[Available data Boundary: Start]

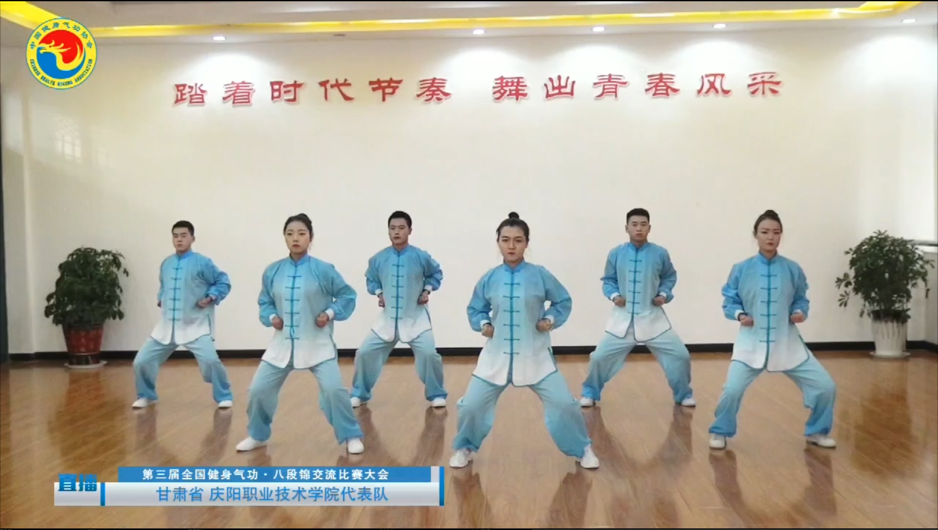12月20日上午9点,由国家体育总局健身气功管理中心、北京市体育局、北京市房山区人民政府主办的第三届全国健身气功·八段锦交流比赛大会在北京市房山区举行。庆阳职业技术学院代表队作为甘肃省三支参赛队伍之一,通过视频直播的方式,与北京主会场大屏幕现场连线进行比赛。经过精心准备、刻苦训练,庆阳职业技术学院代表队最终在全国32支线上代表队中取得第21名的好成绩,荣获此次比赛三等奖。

[Available data Boundary: End]
[Available data Boundary: Start]

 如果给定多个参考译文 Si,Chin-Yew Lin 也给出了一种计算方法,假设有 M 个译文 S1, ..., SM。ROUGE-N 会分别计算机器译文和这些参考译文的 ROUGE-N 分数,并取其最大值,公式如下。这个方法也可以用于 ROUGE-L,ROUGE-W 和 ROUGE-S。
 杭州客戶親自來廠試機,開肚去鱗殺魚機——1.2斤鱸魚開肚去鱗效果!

[Available data Boundary: End]

Work instructions:
Within the material above, output exactly the lines from the one with "如果给定多个参考译文 Si,Chin-Yew Lin" through the one with "杭州客戶親自來廠試機,開肚去鱗殺魚機——1.2斤鱸魚開肚去鱗效果!", end lines included, and nothing besides.

Response:
 如果给定多个参考译文 Si,Chin-Yew Lin 也给出了一种计算方法,假设有 M 个译文 S1, ..., SM。ROUGE-N 会分别计算机器译文和这些参考译文的 ROUGE-N 分数,并取其最大值,公式如下。这个方法也可以用于 ROUGE-L,ROUGE-W 和 ROUGE-S。
 杭州客戶親自來廠試機,開肚去鱗殺魚機——1.2斤鱸魚開肚去鱗效果!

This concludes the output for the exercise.